Decisão Texto Integral: Acordam na 1ª Secção Cível do Tribunal da Relação de Guimarães

I – RELATÓRIO

Por requerimento apresentado em 23/10/2008, S… , progenitora da menor T… veio deduzir incidente de incumprimento da prestação de alimentos a favor da menor, alegando que o progenitor, J… , não pagou nenhuma das prestações fixadas, por decisão de Janeiro de 2005, na quantia mensal de € 150,00, que o mesmo ficou obrigado a prestar a título de alimentos à menor, tendo sido a requerente que tem providenciado pelo seu sustento e educação, acrescendo o facto de o montante da pensão nunca ter sido actualizado apesar de a menor entretanto ter necessidades superiores às que tinha naquela data, tendo a requerente conhecimento que o requerido tem possibilidades de pagar a referida quantia, mas se se vier a apurar que tal não acontece desde já requer que seja accionado o fundo de garantia de alimentos devidos a menores para que os pague.
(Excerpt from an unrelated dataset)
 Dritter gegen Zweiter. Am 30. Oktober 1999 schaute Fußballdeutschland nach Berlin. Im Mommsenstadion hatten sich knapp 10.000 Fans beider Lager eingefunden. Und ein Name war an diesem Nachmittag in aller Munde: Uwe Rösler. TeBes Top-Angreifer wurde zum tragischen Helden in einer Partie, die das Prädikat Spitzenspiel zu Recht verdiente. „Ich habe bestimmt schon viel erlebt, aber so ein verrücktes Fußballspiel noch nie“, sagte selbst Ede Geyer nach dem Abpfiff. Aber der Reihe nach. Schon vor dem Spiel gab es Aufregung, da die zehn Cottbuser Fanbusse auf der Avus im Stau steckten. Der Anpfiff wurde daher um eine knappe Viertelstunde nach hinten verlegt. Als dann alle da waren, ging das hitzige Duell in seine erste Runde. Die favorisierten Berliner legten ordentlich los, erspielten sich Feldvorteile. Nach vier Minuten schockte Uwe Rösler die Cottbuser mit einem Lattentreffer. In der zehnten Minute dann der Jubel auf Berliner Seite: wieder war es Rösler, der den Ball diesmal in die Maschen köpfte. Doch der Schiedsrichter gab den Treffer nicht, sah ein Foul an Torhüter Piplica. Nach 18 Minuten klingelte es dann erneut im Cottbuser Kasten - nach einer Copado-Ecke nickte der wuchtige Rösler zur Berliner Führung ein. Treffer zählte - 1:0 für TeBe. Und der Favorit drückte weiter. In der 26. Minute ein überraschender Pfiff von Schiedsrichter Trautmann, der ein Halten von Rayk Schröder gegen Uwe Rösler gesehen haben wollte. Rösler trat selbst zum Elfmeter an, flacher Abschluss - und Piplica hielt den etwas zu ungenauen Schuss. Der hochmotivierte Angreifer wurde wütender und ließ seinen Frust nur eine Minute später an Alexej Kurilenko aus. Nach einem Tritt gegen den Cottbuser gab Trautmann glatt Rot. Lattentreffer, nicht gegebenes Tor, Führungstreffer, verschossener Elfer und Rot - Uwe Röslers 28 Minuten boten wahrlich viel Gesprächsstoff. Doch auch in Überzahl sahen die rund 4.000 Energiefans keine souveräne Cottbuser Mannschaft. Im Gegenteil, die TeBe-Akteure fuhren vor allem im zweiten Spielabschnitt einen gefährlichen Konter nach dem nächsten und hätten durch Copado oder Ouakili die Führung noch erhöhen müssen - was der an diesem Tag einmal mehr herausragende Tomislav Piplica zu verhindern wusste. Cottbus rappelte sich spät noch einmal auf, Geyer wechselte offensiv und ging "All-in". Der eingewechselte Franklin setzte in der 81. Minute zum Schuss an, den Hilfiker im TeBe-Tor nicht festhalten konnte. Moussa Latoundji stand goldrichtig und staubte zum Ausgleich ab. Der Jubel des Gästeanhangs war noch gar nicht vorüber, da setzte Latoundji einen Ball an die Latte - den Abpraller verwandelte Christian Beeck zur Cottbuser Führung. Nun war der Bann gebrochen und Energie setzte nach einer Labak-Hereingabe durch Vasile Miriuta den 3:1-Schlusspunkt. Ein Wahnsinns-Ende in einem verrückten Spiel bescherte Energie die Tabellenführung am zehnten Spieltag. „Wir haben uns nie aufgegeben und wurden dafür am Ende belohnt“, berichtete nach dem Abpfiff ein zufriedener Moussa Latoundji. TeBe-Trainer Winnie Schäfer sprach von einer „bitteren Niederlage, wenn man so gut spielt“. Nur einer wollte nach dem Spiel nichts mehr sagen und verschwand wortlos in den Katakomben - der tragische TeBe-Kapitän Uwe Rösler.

Com estes fundamentos, requer que seja o requerido notificado para proceder ao depósito da quantia, de 7 194,00€ ou se assim não se entender por ser considerado que as actualizações ainda não são devidas a quantia de 6 600,00€ bem como ao pagamento mensal da quantia referente aos alimentos da menor Tatiana, bem como seja actualizado a pensão mensal para o valor de 163,50€ mensais, por via da actualização necessária para fazer face à desvalorização da moeda, aumento do custo de vida e taxa da inflacção anual que tem sido de 3%.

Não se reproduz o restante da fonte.